Adding new machines to Enterprise quickly in AWS using warm pools

NCCGIA · ‎06-27-2022

Our current Enterprise deployment in AWS takes about 20-25 minutes to spin up an additional machine in our auto scaling group and have it fully added to the site. We are tinkering with using a Warm Pool to add new machines and put them in a stopped state so that we can respond more dynamically to rapid increases in system load. Has anyone considered this or already successfully implemented?

MikeSchonlau · ‎06-27-2022

We have not tested a warm pool, but would be very interested in the results. We have had the same experience with our auto-scaling group - about 20-30 minutes before a new instance has fully joined the site.

NCCGIA · ‎06-27-2022

We have gotten so far as to preliminarily test. We created the warm pool of instances, they did join the site, and then were put into a "stopped" state (i.e., no incursion of AWS costs). We decreased the instance launching wait period to 60s, manually increased the desired number of instances and the new instances successfully joined the site in less than 10min. While a significant improvement, we'd still like to get that down further. We did experience an issue when we decreased the instances to force the group to scale in (we wanted to see if another instance would be added to the pool after termination). We ran into an issue with Enterprise but haven't tracked down if the warm pool had something to do with it. Also, not sure if we can improve how quickly AGS recognizes the new machine. If anyone has suggestions, we'll be happy to try them out. I'll be sure to update this thread with any additional results/info we gather.

NCCGIA · ‎06-27-2022

I've run a few tests today and haven't had much success in getting the machines (that are put into service from the warm pool) to join the site. When it seems that the machines should be joining, the site goes down. Manually deleting the instances that were brought into service, and the warm pool itself, allows for the site to become accessible.

NCOneMap · ‎08-25-2022

We've deployed a solution that seems to show promise in testing. Our time to add a new machine to a site has gone from ~20min to ~4min. Our process:

Set the max number of instances for the auto-scaling group (i.e., 6)
Create an AWS warm pool and set the max count equal to the value entered in step #1
Use the AWS CLI to set the "instance reuse" policy for the warm pool so that instances are not potentially terminated. Setting this policy is not supported in the console. (If using Windows, must use AWS Cloudshell. Command does not work if using the CLI in the CMD window).
1. Example:
  1. aws autoscaling put-warm-pool --auto-scaling-group-name agsSuper-ServerStack-AutoScalingGroup-1K7QS9RIGCV3K --pool-state Stopped --instance-reuse-policy '{\"ReuseOnScaleIn\": true}'
Use AGS REST Admin to change the "remove from site" setting so that machines are not removed
Confirm that all instances have joined the site
Decrease the desired number of instances in the auto-scaling group to the number that we want to be used during normal traffic (i.e., 2)

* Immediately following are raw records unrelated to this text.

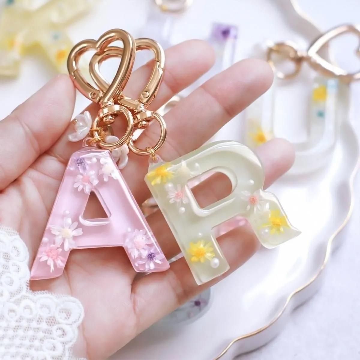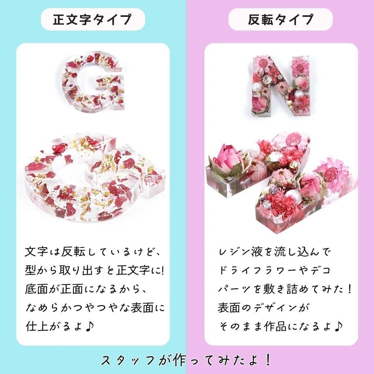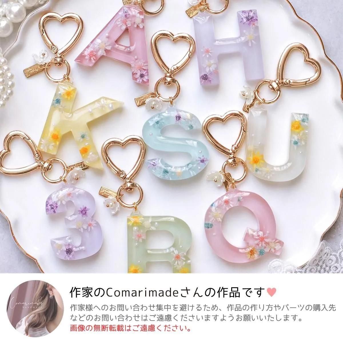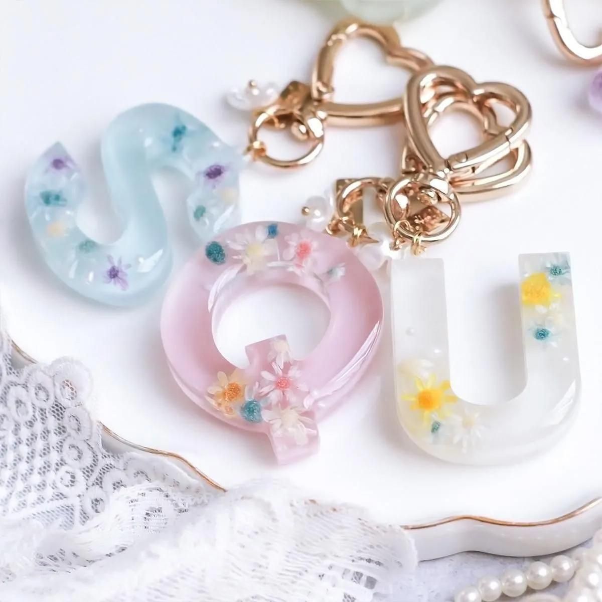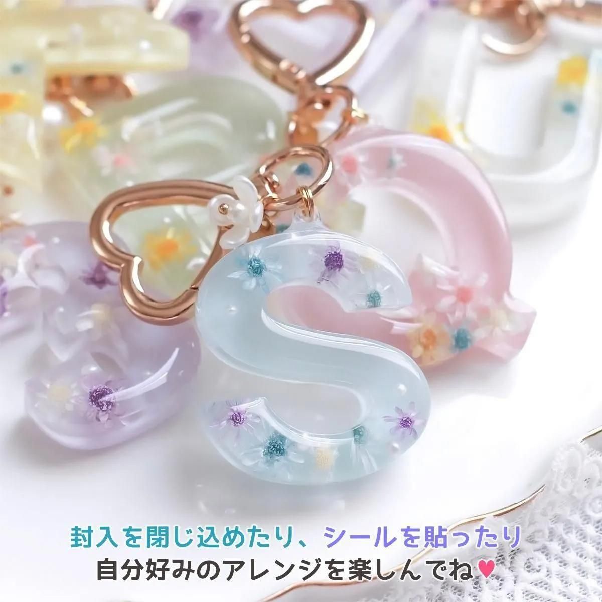 イニシャルキーホルダー作ってみたかったので嬉しいです!封入物入れて固めた後、型から取り出して前から見るまでウキウキしながら作っています。
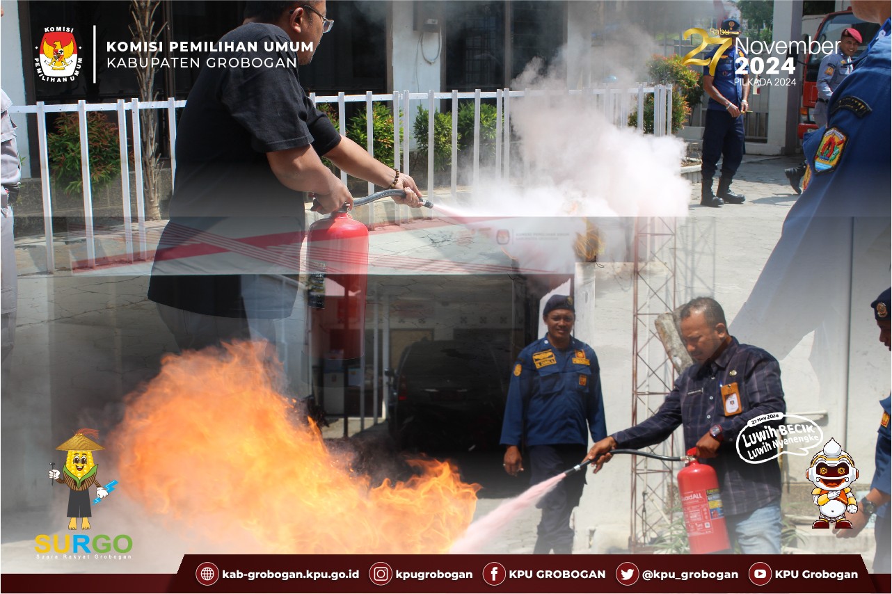 Hai #temanpemilih , KPU Kabupaten Grobogan melaksanakan Latihan dan Simulasi Pemadaman Kebakaran KPU Kabupaten Grobogan Tahun 2024, Kamis (25/7/2024). Kegiatan yang bertempat di Kantor KPU Kabupaten Grobogan ini diikuti Anggota beserta jajaran Sekretariat KPU Kabupaten Grobogan dan dibimbing langsung oleh Satpol PP dan Damkar Kabupaten Grobogan Bidang Pemadam Kebakaran.
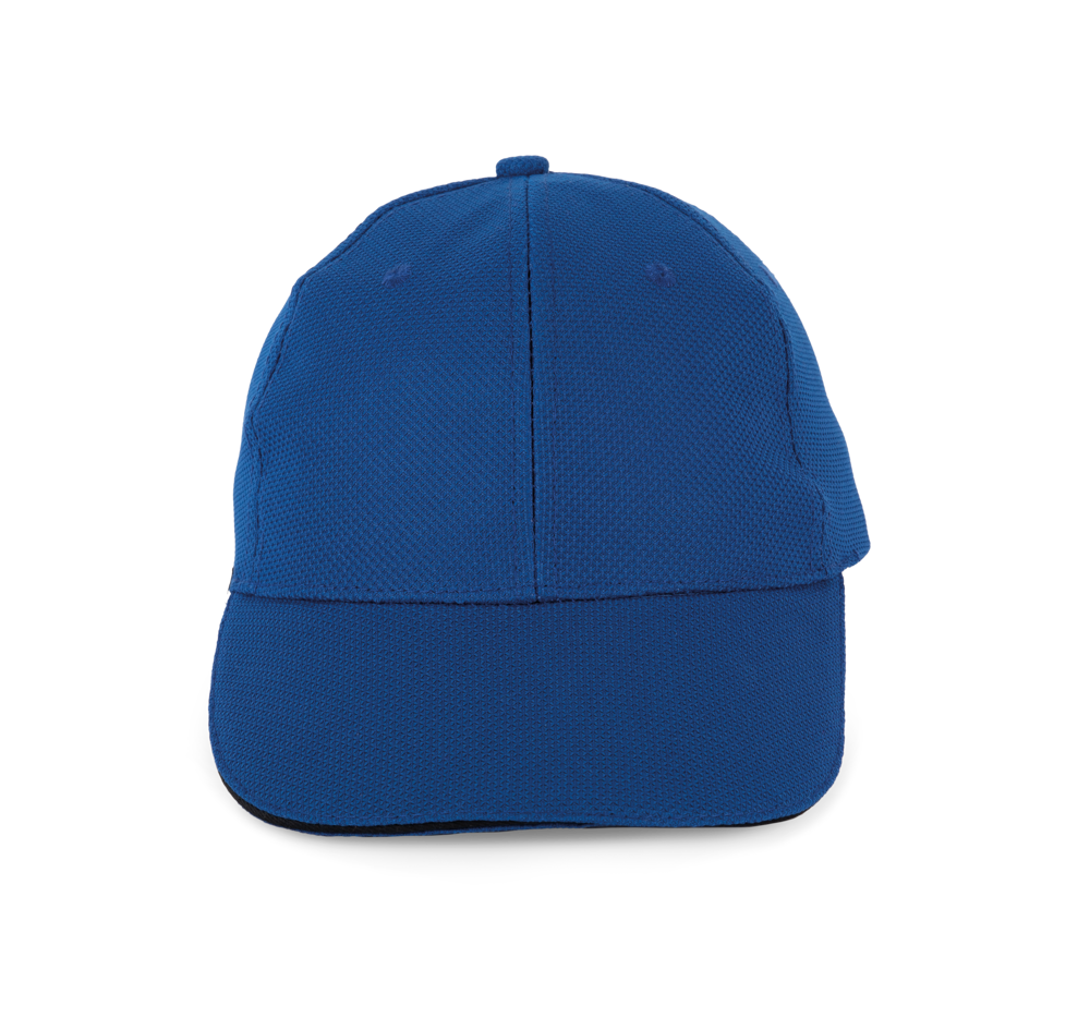 100% polyester piqué. Luchtgaatjes. Rand van de klep in contrastkleur. Afgezet met een band van badstof aan de binnenkant voor een optimaal comfort. Verstelbare sluiting van klittenband.
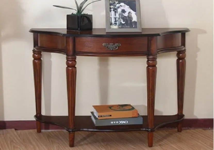 При желании приобрести экологически чистый предмет мебели стоит обратить внимание на деревянные консоли. Такие столики отлично вписываются в стиль кантри. В качестве финишной отделки нередко используются красящие составы, с помощью которых изделию можно придать любой оттенок
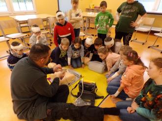 Donnerstag und Freitag bekamen wir Besuch vom Erste-Hilfe-Trainer Herrn Prisk. Spannend und praxisnah erläuterte er den Kindern die Grundlagen der Ersten Hilfe und jede(r) konnte sich mal in die Rolle des Unfallopfers und Retters versetzen, Verbände anlegen und üben, wie man einen Notruf absetzt. Ein Zertifikat am Ende war der verdiente Lohn. Auch hier ein Dankeschön für den spannenden Einblick!
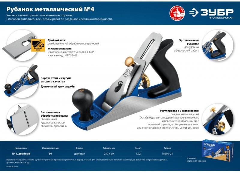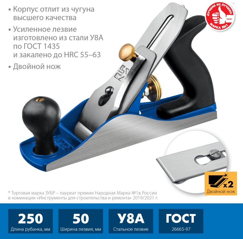 Рубанок металлический Зубр № 4 ДВОЙНОЙ 250х60 мм [18505-25_z02]
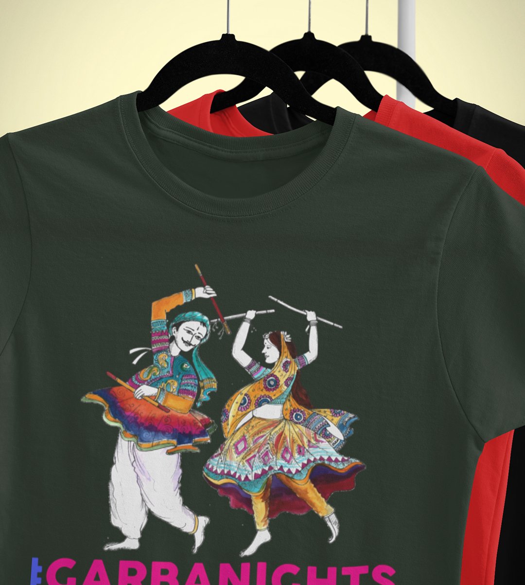 Garba Nights printed unisex adults round neck cotton half-sleeve green tshirt specially for Navratri festival/ Durga puja
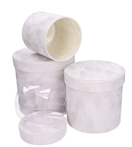 MATERIALE MISTO E IMPILABILE: le scatole rotonde sono realizzate in cartone riciclato e rivestite in tessuto all'esterno. L'inserto in plastica garantisce un cartone asciutto nei fiori bagnati. Le scatole sono impilabili e quindi in ordine di spazio.
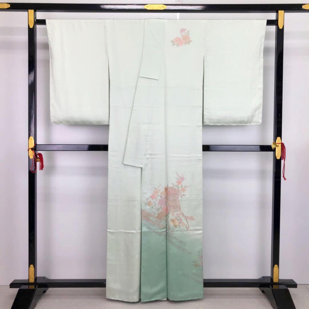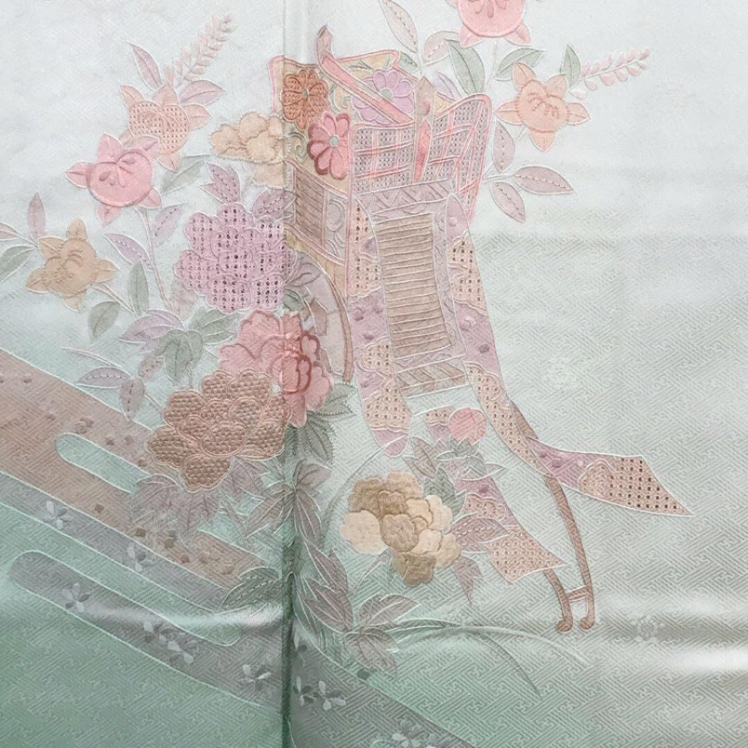付下げ 汕頭刺繍 蘇州刺繍 御所車 牡丹 桔梗 白緑色 K-2298 着物 きもの kimono 和服 和装 中古 リサイクル着物 【送料無料】
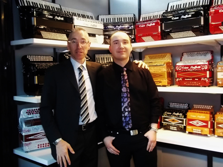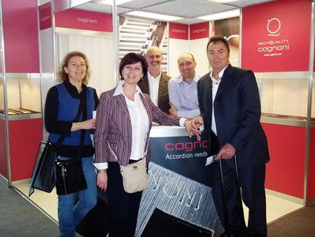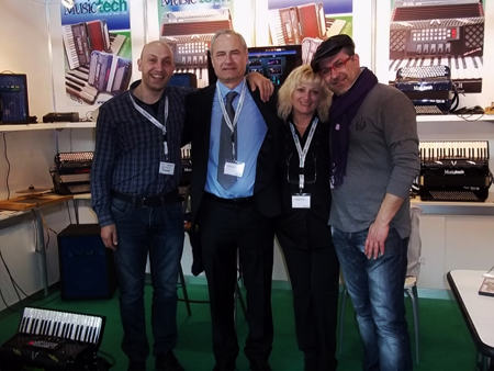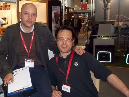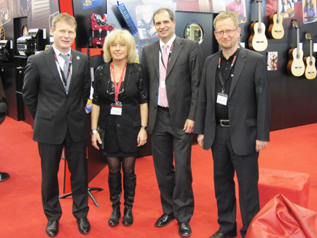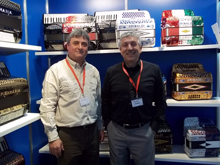 | Davide Fabrizzi/Gianluca Bibiani from Strumenti e Musica/Italy | Bruno Casali and Anacleto Gabanelli IMC presenting new brand Grimaldi |
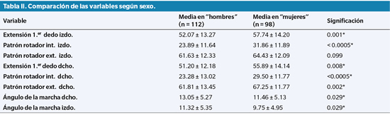 La Tabla II resume los resultados de nuestro trabajo de investigación, en el que se puede observar cómo hay relación del patrón rotador interno con el hallux limitus. A menor patrón rotador interno más limitado se encuentra el movimiento de extensión del primer dedo; podemos ver que este patrón rotador interno es menor en el grupo de hombres, más predispuestos al hallux limitus. Igualmente se establece la relación entre patrón rotador interno y ángulo de la marcha, de modo que a medida que aumenta la capacidad rotadora interna disminuye el ángulo de la marcha. Lo que no discriminamos en este estudio fue que parte del patrón rotador es debido a torsiones femorales o tibiales; no era motivo para el estudio, ya que en realidad pretendíamos estudiar más la resultante de todos los parámetros torsionales incluido el antepié adductus o abductus.
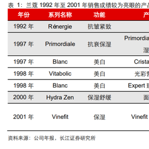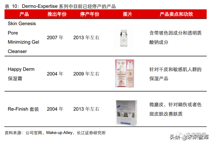 高速的品类扩张阶段中也存在结果不尽意如意的产品系列,例如巴黎欧莱雅曾进军皮肤 学级护肤领域,但该系列目前有部分产品已经停产。巴黎巴黎欧莱雅于本世纪初推出的 功效护肤系列 Dermo-Expertise,虽在早期获取了较好的销售成绩但该系列较多产品后 续停产,我们预计主因:该系列在后期的产品推新,与早期的皮肤学级护肤品定位不相 符合:早期 Dermo-Expertise 以皮肤学级抗衰为主,2004 年推出的 Re-finish 套装功效 明确,主打针对晒伤或色斑皮肤人群改善护肤,产品推出后得到较好反响,而在此之后 的新品与功效护肤定位逐渐背离,例如 2007 年推出 Skin Genesis 眼霜主打抗衰和保湿 功效,核心成分为玻色因(抗衰)、透明质酸(保湿)成分,或是 2008 年推出的 Derma Genesis 精华,功效主打细小毛孔和嫩肤,核心成分为玻色因。(报告来源:未来智库)
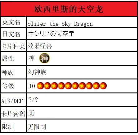 欧西里斯的天空龙作为主角暗游戏的招牌神之卡出场率非常高....但是战绩....(有些惨淡),而为了游戏平衡在实卡后也是大幅度修改了卡牌描述。但是不管怎么样,帅就够了不是么~
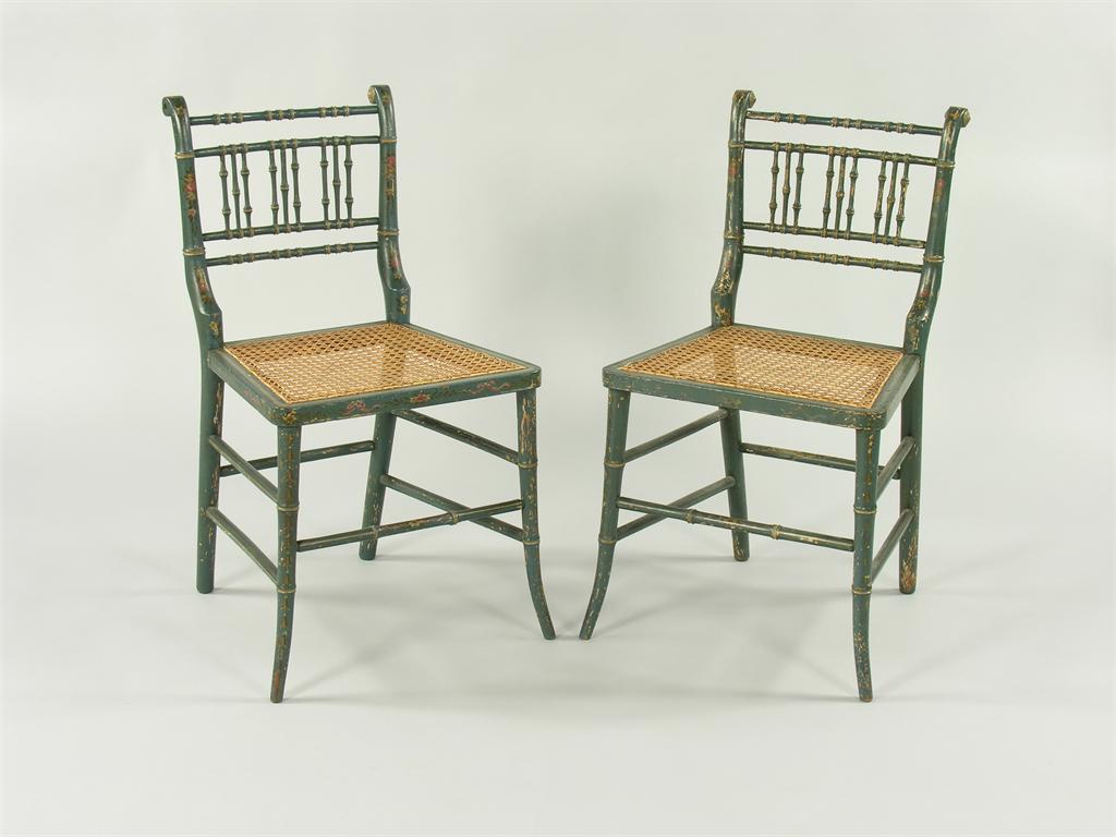 A pair of early 19th century painted and turned beechwood side chairs
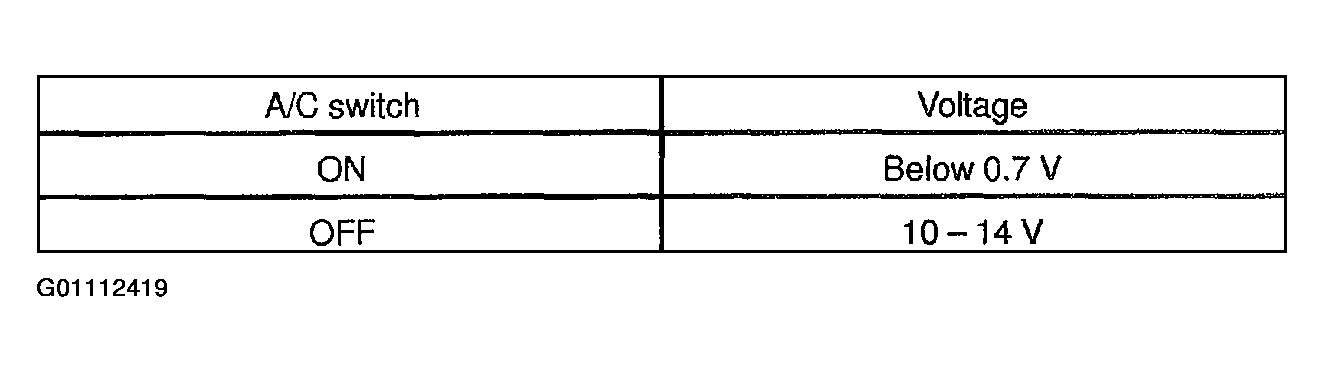 - Measure voltage between terminal MGC of A/C amplifier connector and body ground when A/C switch is On and OFF. If OK , see Fig 2.
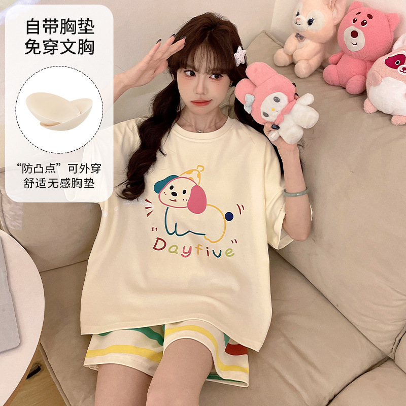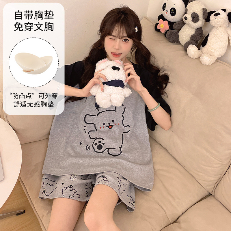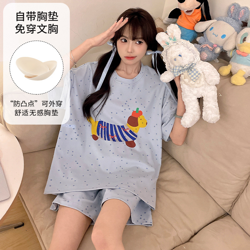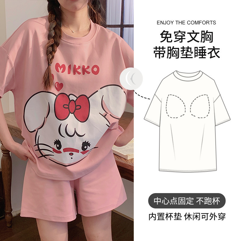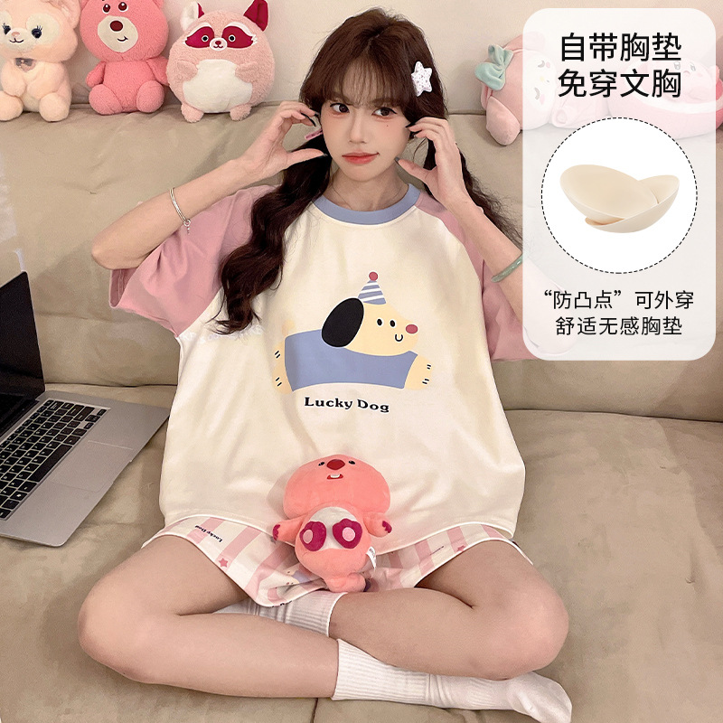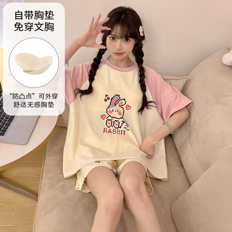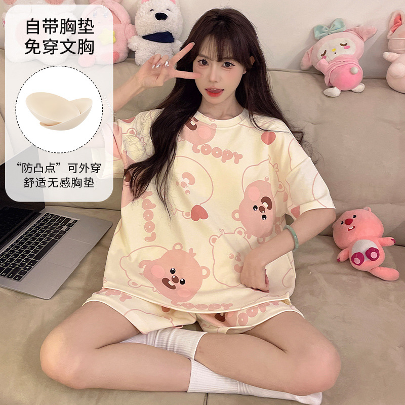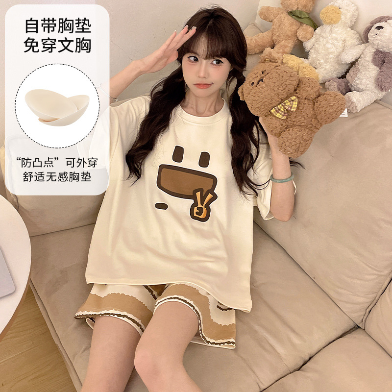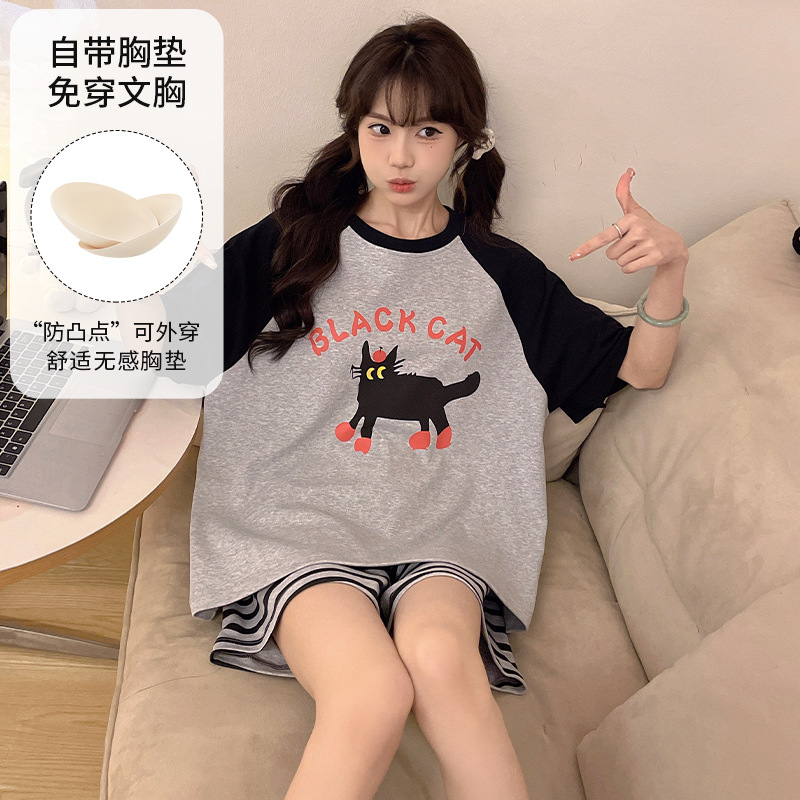 2025 봄과 여름 새로운 스타일 파자마 가슴 패드 여성의 만화 귀여운 고양이 학생 홈 옷 세트 짧은 소매

The unused instances will be returned to the warm pool but will still appear in ArcGIS Manager. When it needs to scale out again, the machines simply change state (e.g. stopped to start) and are part of the AGS site as soon as AGS gets a heartbeat. Doing this avoids the 20min spin up time to create the new instance and allow the Chef and any "user data" scripts to run. Because we've "pre-configured" everything they are ready to go and just need to change state. Doing this also avoids potential IP address issues in Enterprise when attempting to use auto-scaling and warm pools (more info). The only potential issue we've identified with our approach is that you could get into IP address conflicts if the combined number of instances you have active and have configured for the warm pool are less than the maximum number of instances you've set for the auto-scaling group. As scaling events occur, there could be IP address issues between what AWS assigns to new instances (i.e., not coming from the warm pool but actual new instances) and what Enterprise thinks is in use. It's a bit deep and convoluted to explain, but the takeaway is that by: 1) configuring ArcGIS to not release the IP addresses in the site and 2) we've configured the warm pool max count to be equal to the max count of the auto-scaling group, we mitigate that concern.

georisk · ‎09-27-2023

Hi,

We have a similar problem and interested on your approach. Can you provide details on how you did the step # 4?

Thanks!

NitinChauhan · ‎09-27-2022

Hi Everyone.

Can somebody share how you have automated the join site for the new EC2 being launched as a part of ASG. I believe you have created a custom AMI to the stage of join site. How is it being taken forward after that?